J.C. Penney Co Inc reported stronger-than-expected quarterly earnings, helped by tighter cost controls and its expansion of exclusive brands, and forecast improving sales in its current quarter.

But the department store operator also gave a profit forecast that fell short of Wall Street estimates and acknowledged its shoppers were still under pressure in a weak economy.

Its shares were down 1.7 percent at $20.45 in early trading on the New York Stock Exchange.

Penney's got a boost from its expansion of exclusive, more profitable product lines and said those brands would help improve sales going forward.

It expects same-store sales to rise between 2 percent and 3 percent during the current quarter and said back-to-school sales were off to a good start.

Penney reported net income of $14 million, or 6 cents per share, for its second quarter ended July 31, compared to a loss of $1 million, or nil per share, a year earlier.

Overall sales fell 0.1 percent to $3.94 billion, with the drop attributable to the discontinuation of its Big Book catalogs.
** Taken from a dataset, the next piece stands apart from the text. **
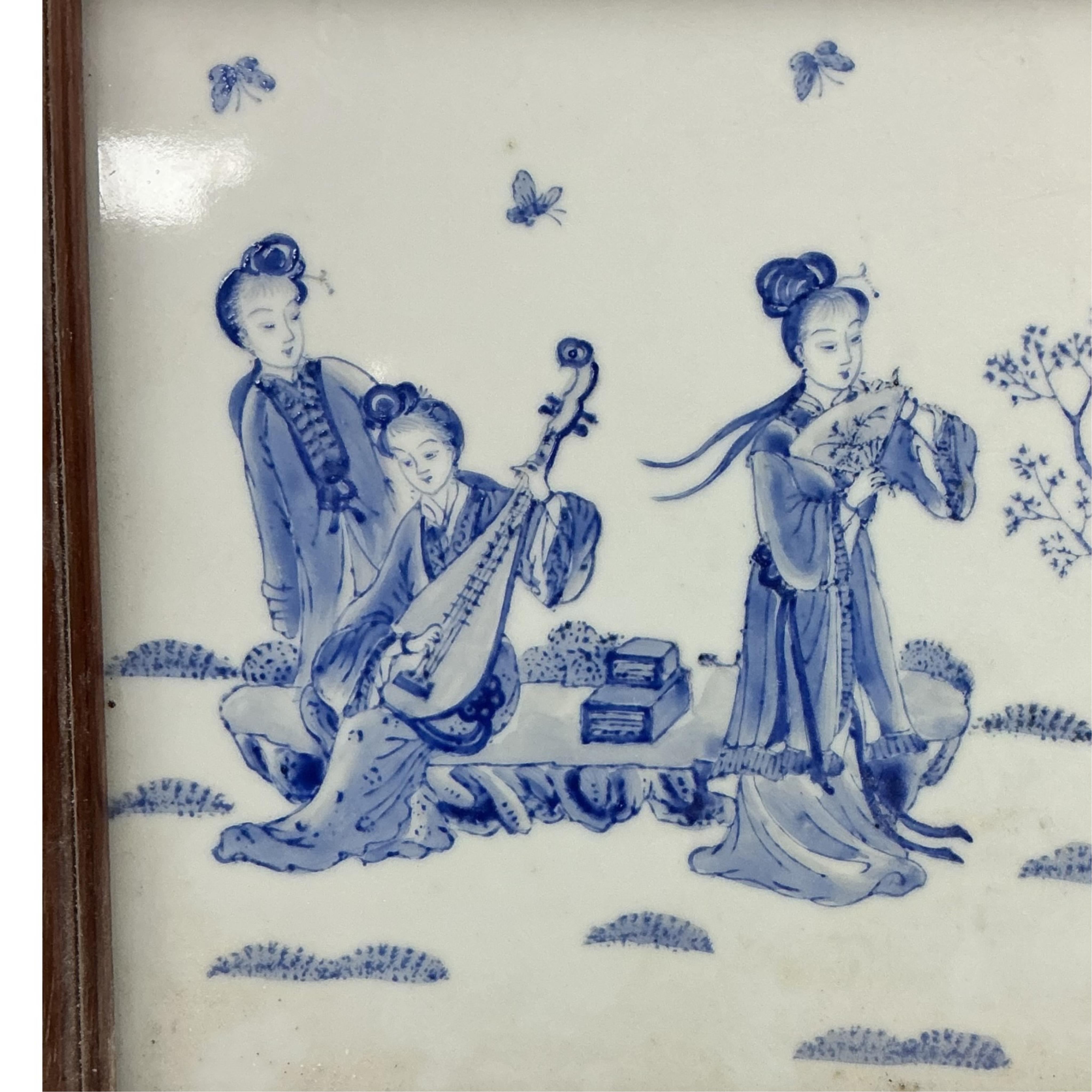 Lot 1478 , A framed Chinese porcelain tile, painted in blue enamel, tile 25cm square

Internet sales were up 4 percent to $317 million during the quarter.

Analysts had been expecting a profit of 5 cents per share on sales of $4 billion, according to Thomson Reuters I/B/E/S.
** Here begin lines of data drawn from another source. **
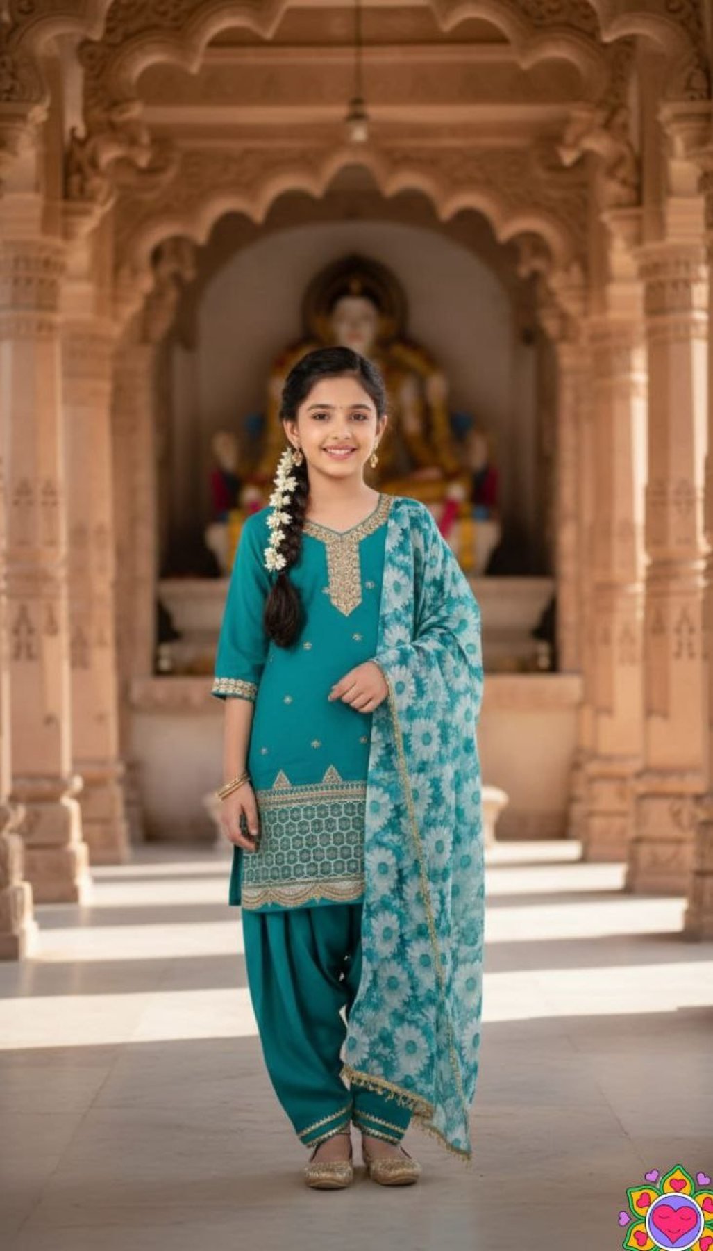Mesmerizing Teal Blue Floral Embroidered Kids Silk Crepe Suit Set with Dupatta
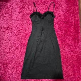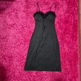 Elegante vestitino vintage con dettagli in pizzo. - Taglia IT 44 - EU 36 - Spalline sottili - Scollo a cuore con laccetto - Orlo con balza in pizzo
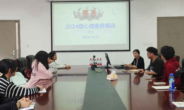 点击:152 为进一步加强学院心理健康教育工作,提升2024级心理委员工作能力和专业素养,加强学院团委学生会综合事务部和心理委员之间的联系,增进相互之间的感情,协力推进心理健康工作,为同学们的心理健康保驾护航,10月25日,学院在5A-224会议室举行2024级心理委员培训交流会。会议由学院心理健康指导老师朱利主讲,团委学生会综合事务部全体干部以及2024级全体新生心理委员参会。
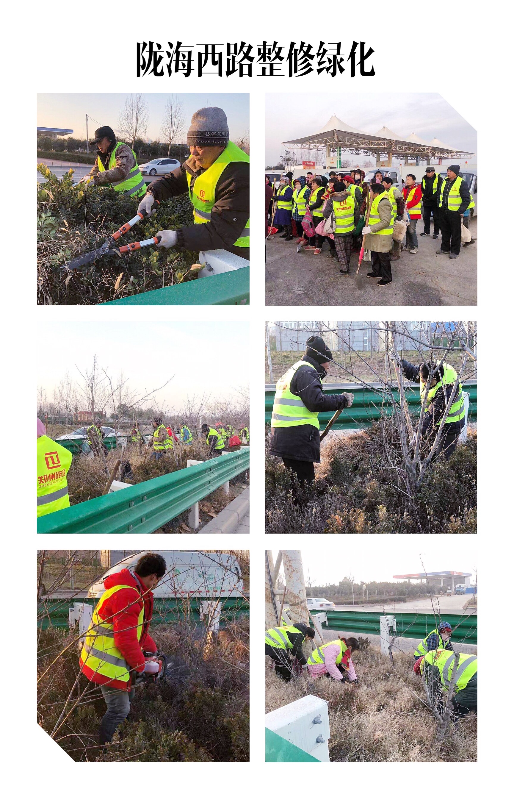 隴海西路位于鄭州與滎陽交接處,是連接城市的重要出入市口,綠化帶的規(guī)劃對于公路而言有著極其重要的意義和作用,不僅是城市綠化景觀、環(huán)境保護(hù)的需要,而且從一定的角度講還可以阻擋快車道和慢車道間的灰塵擴(kuò)散。為進(jìn)一步提升所轄公路路域環(huán)境,養(yǎng)護(hù)部每日組織50人員將綠化帶內(nèi)枯株、死株、雜草、垃圾進(jìn)行了拉網(wǎng)式的徹底清理,對綠化帶內(nèi)黃土裸露部位鋪設(shè)防塵網(wǎng),同時對綠化帶護(hù)欄進(jìn)行清洗和維修。目前已完成約350米的綠化帶修整。整治后的各路段綠化帶將煥然一新,出行品質(zhì)得到了整體提升,路域顏值得以全面刷新。
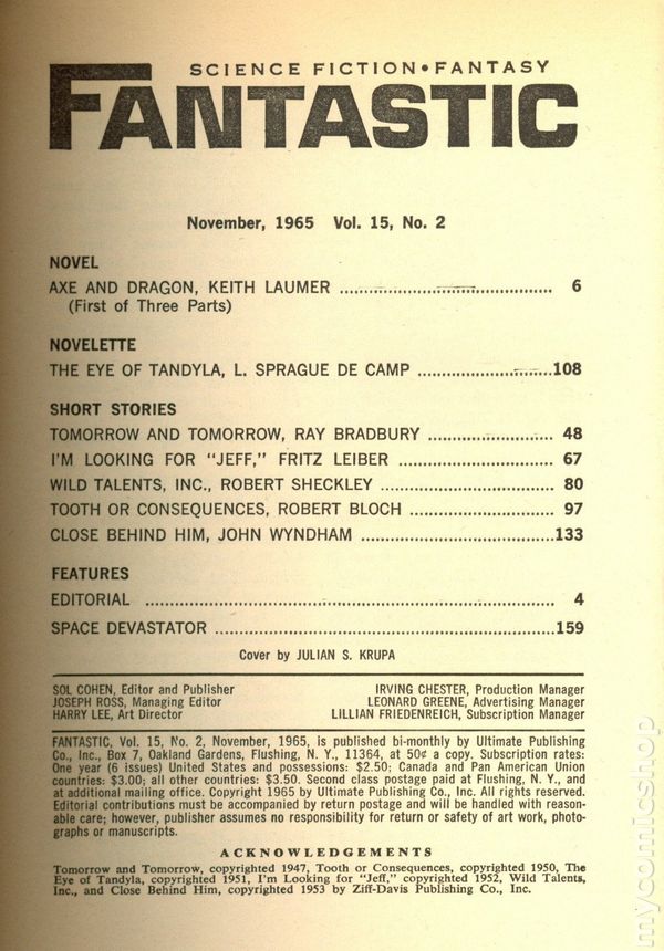 Volume 15, Issue 2 - November, 1965. Features "Axe and Dragon" by Keith Laumer, and stories by Ray Bradbury, Robert Bloch, Fritz Leiber, L. Sprague De Camp, and Robert Sheckley. 5.5-in. x 7.75-in.; black and white; 162 newsprint pages. Cover price $0.50.
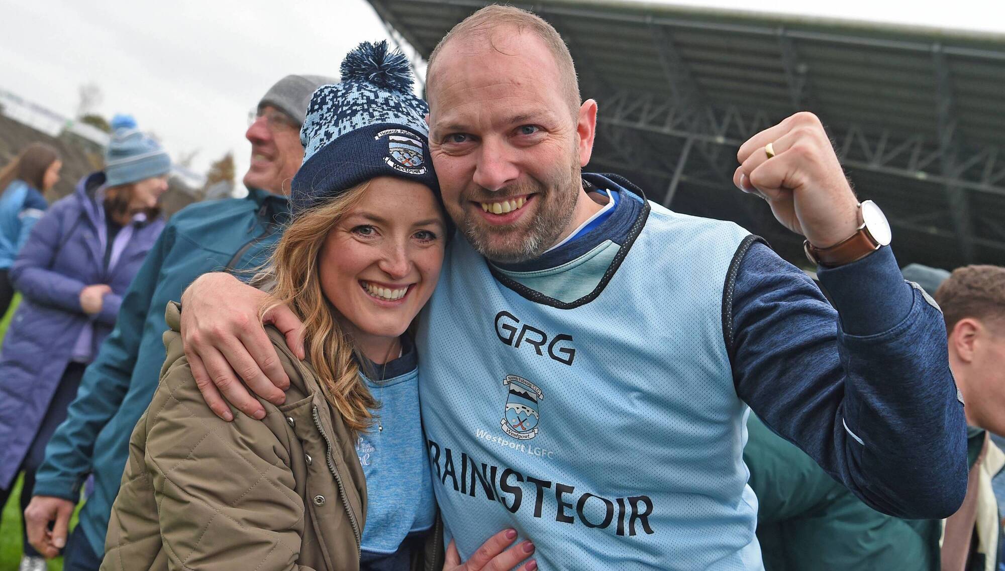 Pop Geraghty, the manager of Westport, with his wife Catherine after Sunday's win against Knockmore in MacHale Park, Castlebar. Pictures: Conor McKeown
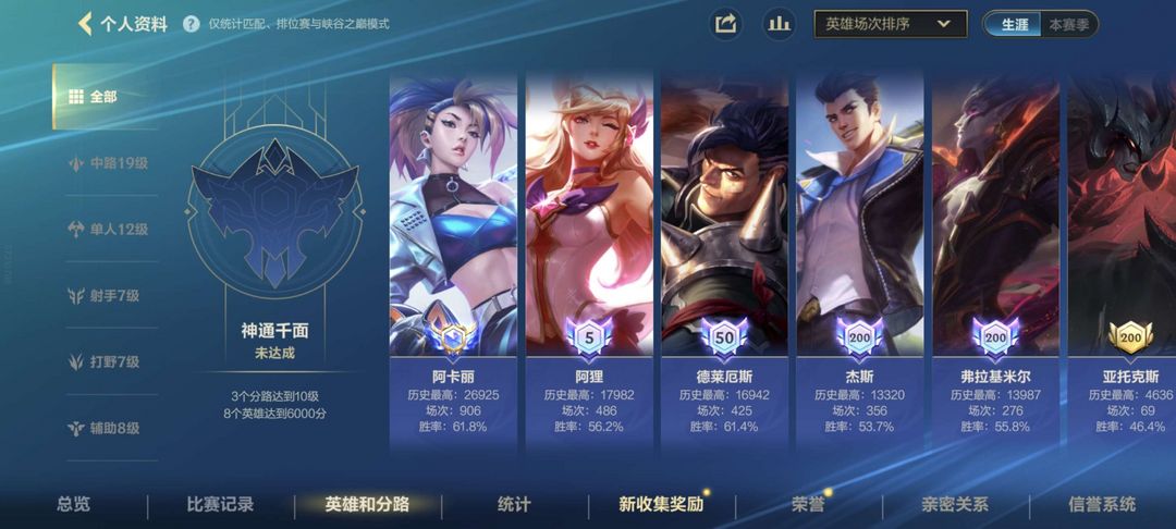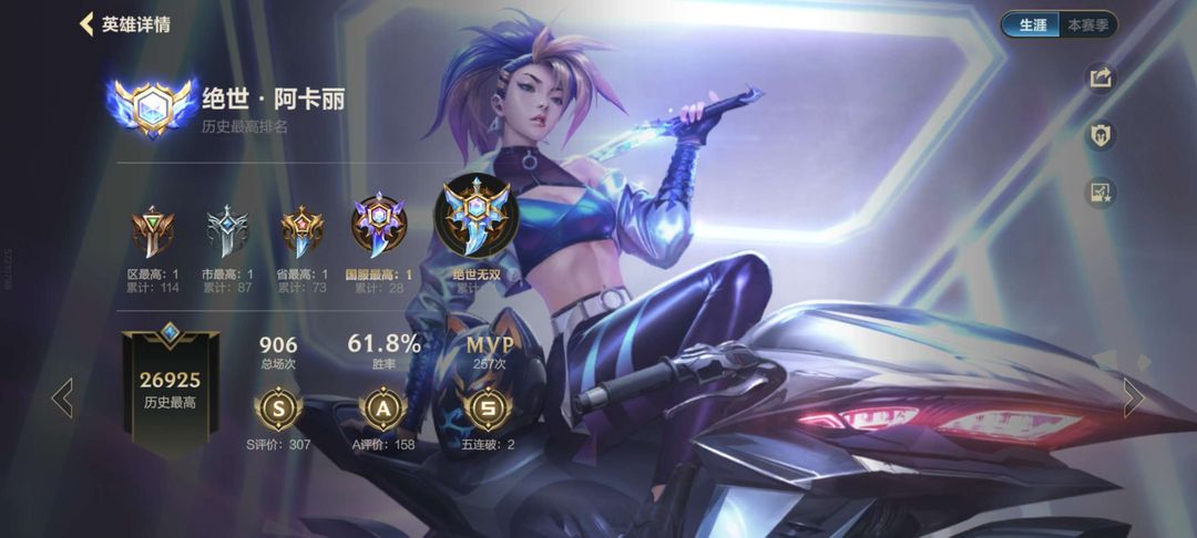 大师段位,历史国一绝世阿卡丽,国五阿狸,国服杰斯诺手吸血鬼,禁止挂机骂人

Penney expects earnings in the current quarter of between 16 and 20 cents per share, below Wall Street forecasts of 24 cents.

Its full year 2010 profit forecast of $1.40 to $1.50 per share also fell short of estimates of $1.54 per share.
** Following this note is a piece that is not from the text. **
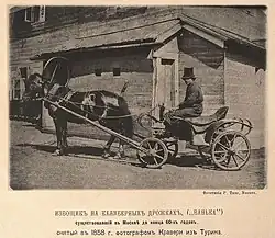 A droshky or drosky (Russian: дрожки (plural); Polish: dorożka (singular); German: Droschke (singular); Estonian: troska (singular)) is a term used for a four-wheeled open carriage used especially in Russia. The vehicle has a long bench on which the driver or passengers sit as if on a saddle, either astride or sideways.[1][2] From droga, the pole that connects the front and rear axles.
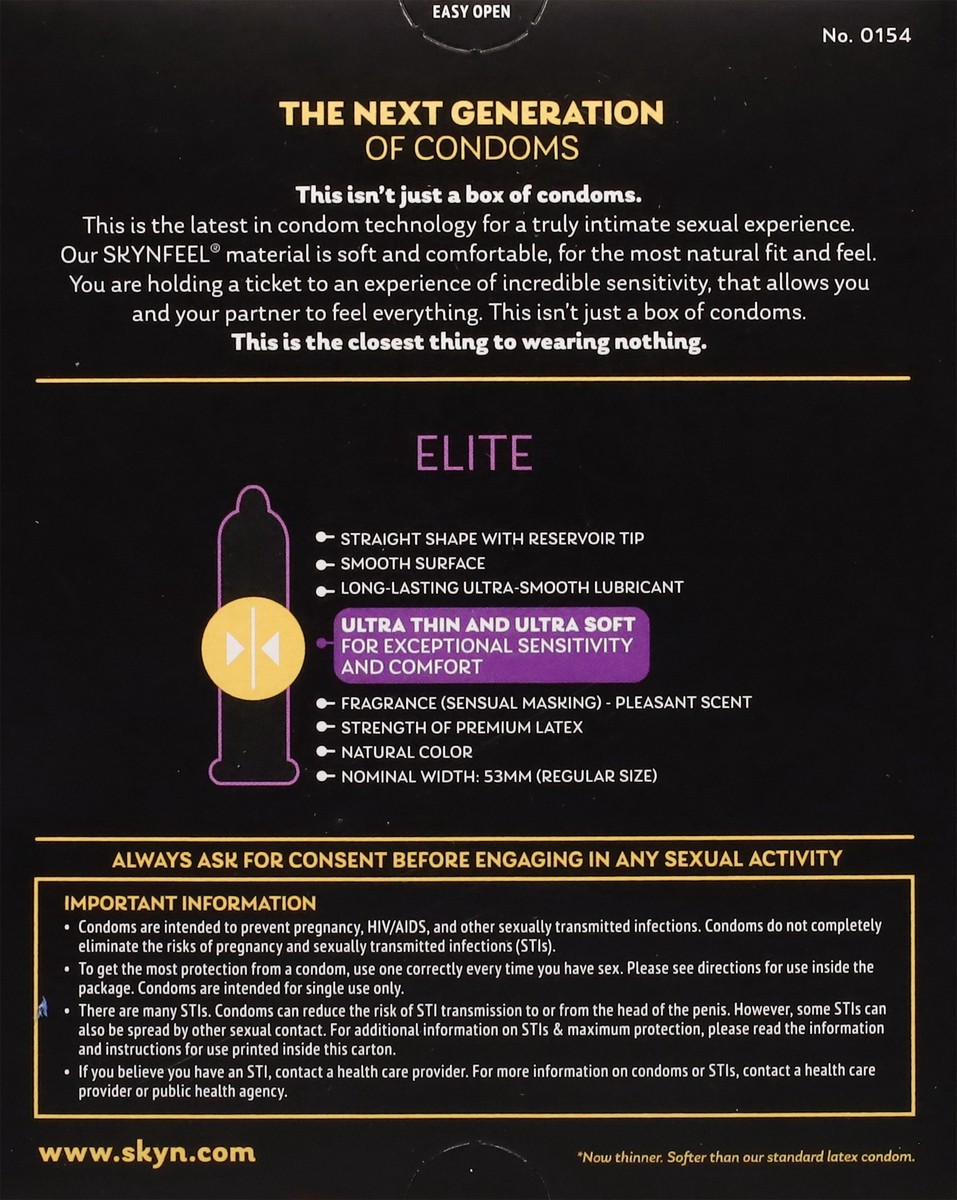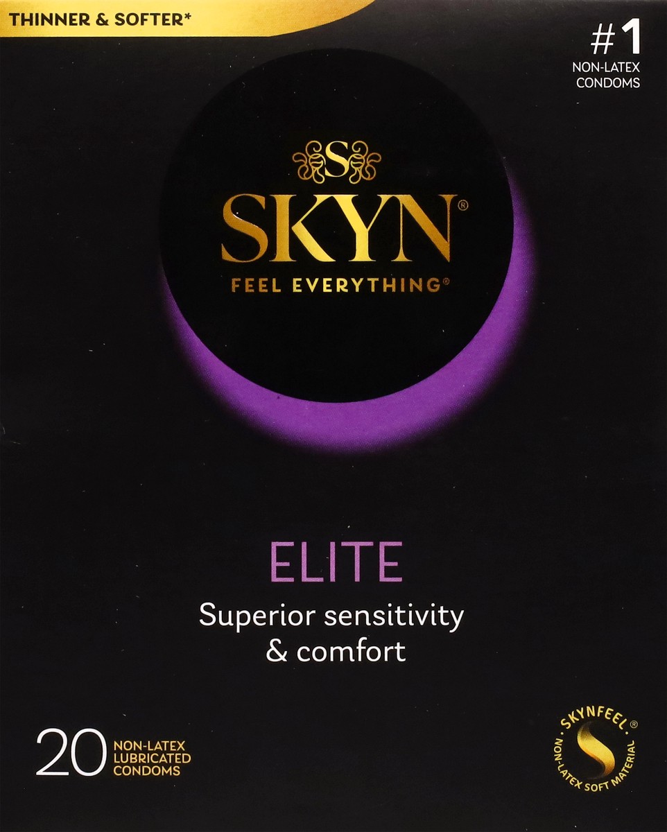 SKYN Elite Ultra Thin Premium Polyisoprene Lubricated Condoms are made with SKYNFEEL, a non-latex material that feels soft and natural. 15% thinner than our SKYN Original condoms, these condoms provid…

In another sign of tepid consumer demand, a government report showed U.S. retail sales rose in July, but attributed the gain to auto and gasoline sales rather than an improvement in underlying economic momentum.

Penney shares hit a year low earlier this week after rivals Macy's Inc and Kohl's reported strong results and said they were gaining share from other retail rivals.

Penney shares are down nearly 22 percent this year, while Macy's has gained 21 percent and Kohl's has shed 13.8 percent.

Analysts see Penney as particularly vulnerable to weak economic conditions since its shoppers tend to have a lower household income and are more likely to turn to discount chains and dollar stores when budgets are tight.

Last week, Penney reported an unexpected drop in same-store sales, or sales at stores open at least a year, in July as it slashed prices to lure shoppers. Chief Executive Myron Ullman said the spike in discounting was tactical and would have a short-term impact.

For the full quarter, Penney's same-store sales were up 0.9 percent, far below Kohl's 4.6 percent gain and Macy's 4.9 percent increase.

Dillard's Inc , which like Penney caters to a more frugal shopper than Macy's, reported flat same-store sales.

Last week, Penney became the exclusive retailer for Liz Claiborne's namesake brand. It will also open 16 more Sephora cosmetics shops at its stores, and will launch the fast-fashion MNG by Mango shop inside its stores.